You can get Omega-3 from oily fish

You can get Omega-3 from oily fish

It is worth noting that fat contains more energy per gramme (nine calories) than both carbohydrate and protein (four calories each). Despite the health benefits of ingesting dietary fat (especially unsaturated sources), ultimately we must remember the golden rule of weight-loss, that is, you must expend more energy than you consume. In the context of fat intake, it is therefore often problematic to consume high fat in a diet given that you can very quickly increase your daily energy intake, the very thing which we should aim to decrease during weight-loss. As a general rule of thumb, I often believe that if an athlete consumes high-quality protein and natural food sources at appropriate times of the day, daily fat intake often takes care of itself.


FAT is stored in our bodies in both adipose tissue (this is the fat we are trying to lose during weight-loss) but also in our muscles (this is a particularly important energy source during exercise). Given that we will use ‘muscle fat’ for energy during training but that we also need to replace it for use during the next training session, it is therefore important that post-exercise meals and snacks between training sessions also contain some dietary fat.

Avocado can be added to salads

Vitamin K: 26% of the RDA. Folate: 20% of the RDA. Vitamin C: 17% of the RDA. Potassium: 14% of the RDA. Vitamin B5: 14% of the RDA. Vitamin B6: 13% of the RDA. Vitamin E: 10% of the RDA. Then it contains small amounts of Magnesium, Manganese, Copper, Iron, Zinc, Phosphorous, Vitamin A, B1 (Thiamine), B2 (Riboflavin) and B3 (Niacin).
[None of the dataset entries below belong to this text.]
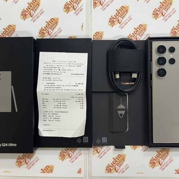 ขายถูก Samsung S24 Ultra 5G RAM12GB ROM512GB(ความจำเยอะ) สีGray สภาพสวย93% อุปกรณ์ครบกล่องพร้อมใบเสร็จ ไม่ติดสัญญา ประกันหมดแล้ว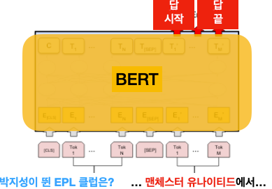 ⇒ "박지성이 뛴 EPL 클럽은?"이 주어졌을 때, 본문 중에 "... PSV 에인트호번과 잉글랜드 프리미어리그의 맨체스터 유나이티드, 퀸스 파크 레인저스에서 활동하였다...." ⇒ 밑줄이 그어진 부분을 예측함.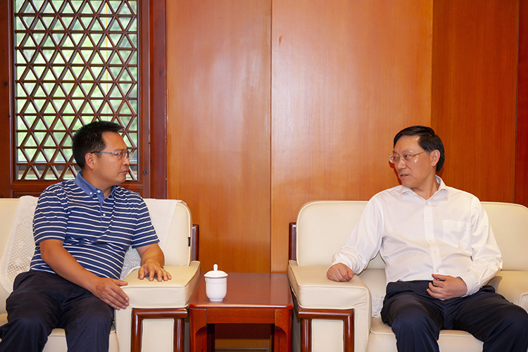 在第四个“全国科技工作者日”来临之际,副市长杜海洋来校慰问全市科技工作者代表陈岗博士。党委书记王成端会见杜海洋并介绍学校科研工作。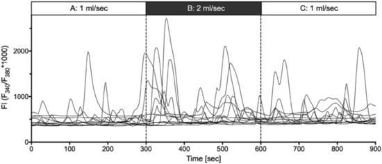 Cells were adapted to the experimental conditions by 15 min superfusion with 1 mL/min. We then recorded the calcium activity for 5 min in each section: (A) 1 mL/min, (B) 2 mL/min, (C) 1 mL/min.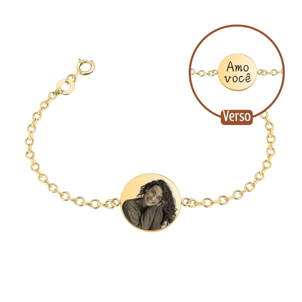 Pulseira Medalha Foto Personalizada Fotogravação à Laser Banhado a Ouro 18K ou Prata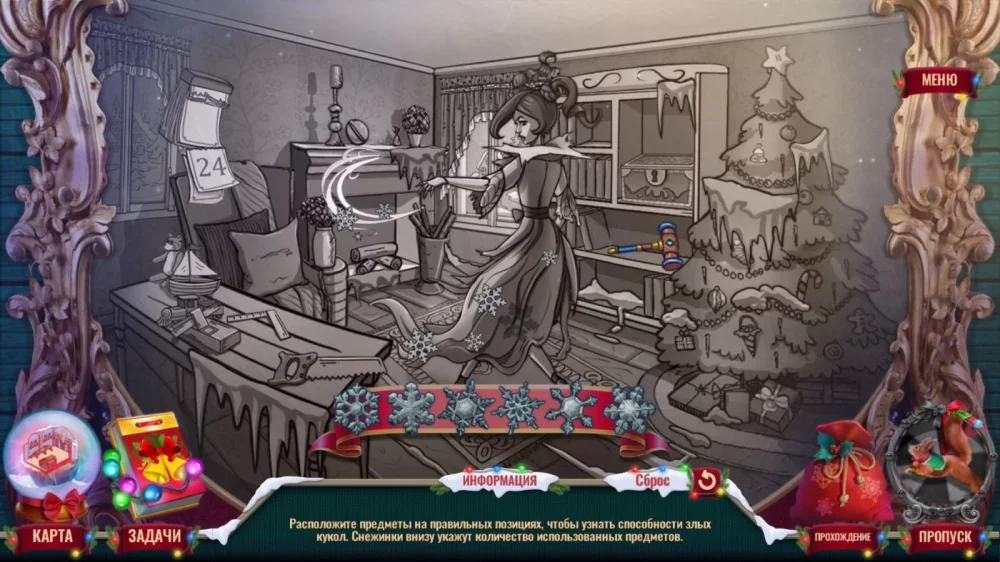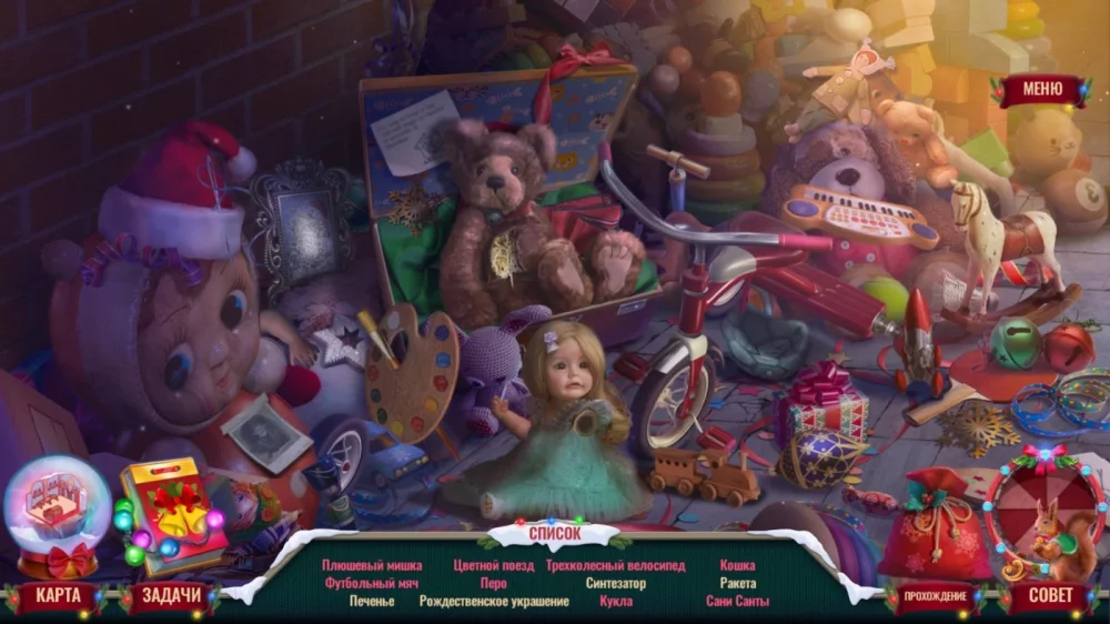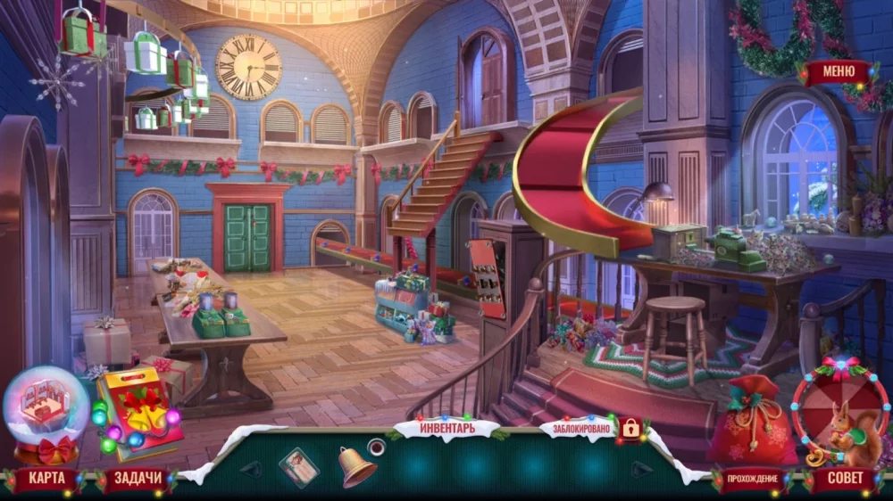 - Решайте сложные головоломки и ищите скрытые предметы, чтобы спасти Рождество.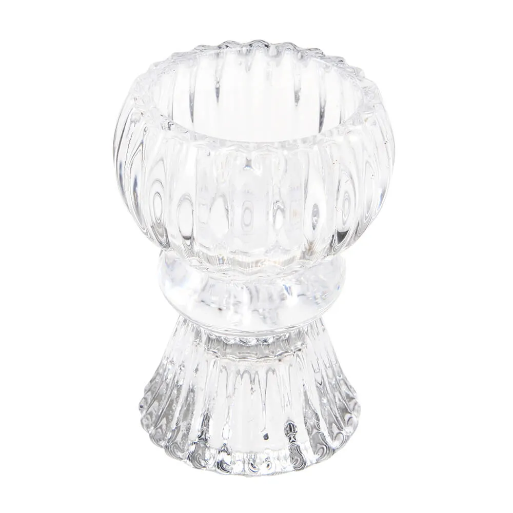 Двусторонний прозрачный подсвечник для столовых и чайных свечей.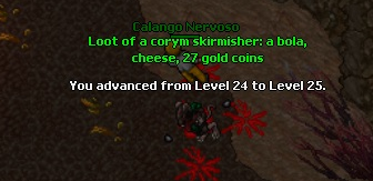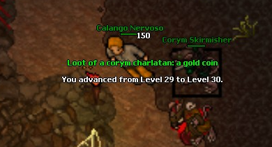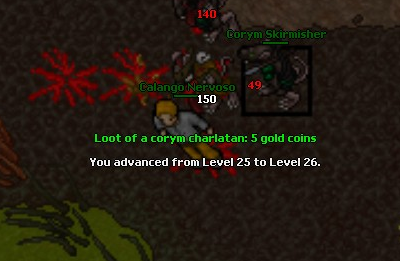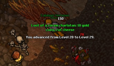 Assim que eu colocar premy irei fazer tasks, porém agora to gostando muito de hitar 150~160 com um char lv 20 e esses Coryms são muito bons de exp e loot, acho até meio desproporcional, porque eu to caçando la desde o lv 10 e não vejo dificuldade nenhuma nos Charlatan, acho que quanto botar premy estarei pra la do lv 25 ja.

In practice, this can simply be making oily fish part of your post-training meal, consuming Greek yoghurt as a snack and also adding nuts and/or avocados to salads and snacks (or adding them to smoothies). It is also worth noting that fat takes longer to digest so it is important to not consume overly high-fat foods prior to training or competition e.g. red meat, cheese etc.
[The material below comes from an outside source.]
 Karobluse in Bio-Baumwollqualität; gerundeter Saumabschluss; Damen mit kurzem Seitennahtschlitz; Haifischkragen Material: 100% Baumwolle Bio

THE amount of fat you can consume each day (while losing weight) is dependent on your training intensity and volume, how much weight you need to lose, how long you have to make your target weight
and perhaps more importantly, the amount of daily carbohydrate you consume. In my experience of working with professional boxers, footballers and cyclists, I have generally found daily fat requirements to be in the region of 1-1.5g/kg of body mass per day.
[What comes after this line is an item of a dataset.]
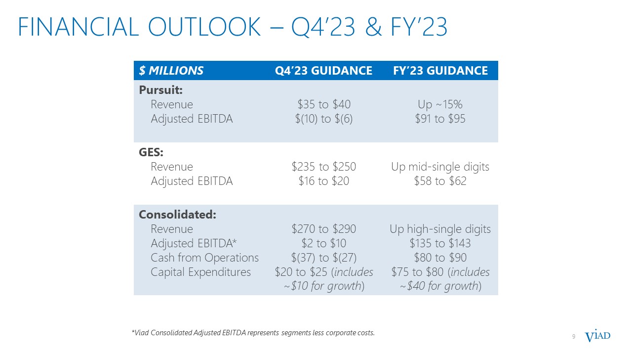 8  GES Q3’23 YEAR-OVER-YEAR RESULTS  8  Major non-annual shows and sale of ON Services in 2022 impacted year-over-year revenue by a combined $64 million  Excluding major non-annual shows and ON Services, revenue increased ~16% year-over-year from solid underlying growth  Spiro revenue grew ~8% on strong spending from existing and new clients  GES Exhibitions revenue grew ~19% with U.S. same-show revenue growth of ~14% from Q3’22  Improved cost structure delivered nearly breakeven Adjusted EBITDA during quarter of slower event activity  GES ($ MILLIONS)  Q3’23  VS. Q3’22  Revenue:  Spiro  $58.9  $(14.4)  GES Exhibitions  $122.1  $(25.8)  Inter-Segment Elims  $(2.0)  $0.2  Total Revenue  $179.0  $(40.0)  Adjusted EBITDA*:  Spiro  $0.8  $(3.9)  GES Exhibitions  $(2.8)  $(8.8)  Total Adjusted EBITDA*  $(2.0)  $(12.7)  Metrics:  Major Non-Annual Show Revenue  $0  $(50)  U.S. Exhibition Same-Show Revenue  $41.0  13.9%  * Refer to Appendix for a discussion and reconciliation of this non-GAAP financial measure to its most directly comparable GAAP financial measure.  Note: Amounts may not add as presented due to rounding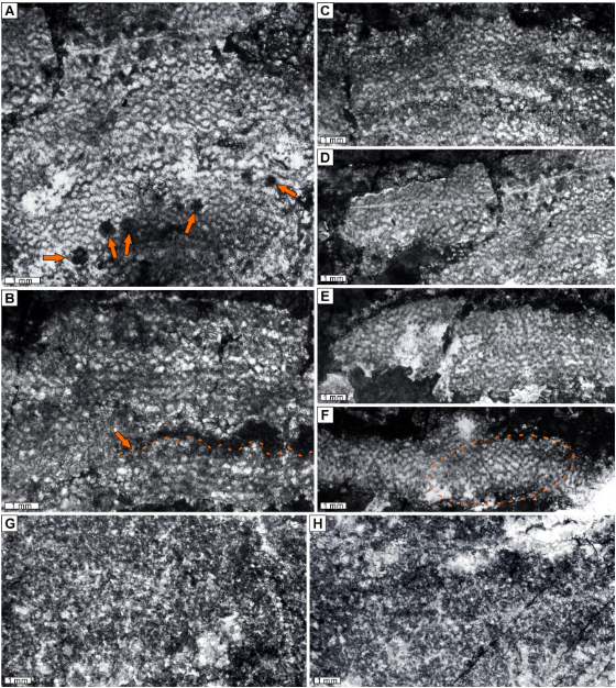 此次研究共识别出三种代表性层孔海绵。其中,新种东卡泡沫层孔海绵(Cystostroma dongkaense sp. nov.)以采样地西藏班戈东卡错命名,用以指示其原产地来源;另一新种葛静蜂巢层孔海绵(Ecclimadictyon gejingae sp. nov.)则以参与西藏野外科考并提供重要协助的南京古生物所科研助理葛静命名,以表达对其在高原艰苦环境中支持科研工作的致谢;此外,还确认了既有物种石阡网格层孔海绵(Clathrodictyon shiqianense Dong and Yang, 1978)在该区的存在。该化石群整体以网孔型层孔海绵为主,展现出典型的志留纪早期的灾后恢复型礁生物群结构特征。

For example, a 70kg athlete could consume 70-105 g of fat per day. This fat intake should be obtained from a variety of both saturated (e.g. eggs, dairy) and unsaturated (e.g. oily fish, nuts, avocadoes etc) fat- rich foods. Although red meat could be limited to two-three times per week, highly processed meats such as sausages and burgers should likely be avoided at all times when a fighter has to make weight.


    Make choices such as salmon, mackerel, sardines, herring etc for lunches and dinner. Tinned salmon and sardines can also form the basis of a protein and fat-rich snack.
    Eggs remain one of the most effective protein sources and the yolk is also a good source of both saturated and unsaturated fatty acids. It is a myth that consuming two-three eggs each morning will raise your cholesterol.
    Avocados and nuts (a palm-sized portion) are a simple source of fat to add to salads and snacks. Both sources could also be added to smoothies and are especially useful as mid-afternoon snacks.
    Remember, the bottom line remains that we must expend more calories than we consume in order to lose weight. Adding spoonfuls of coconut oil to coffee are calories we simply do not need!
    Highly processed foods such as convenience and confectionary products (e.g. ready meals, ice cream, crisps, processed meats etc) are often rich in both saturated fat and sugar and should be avoided at all costs!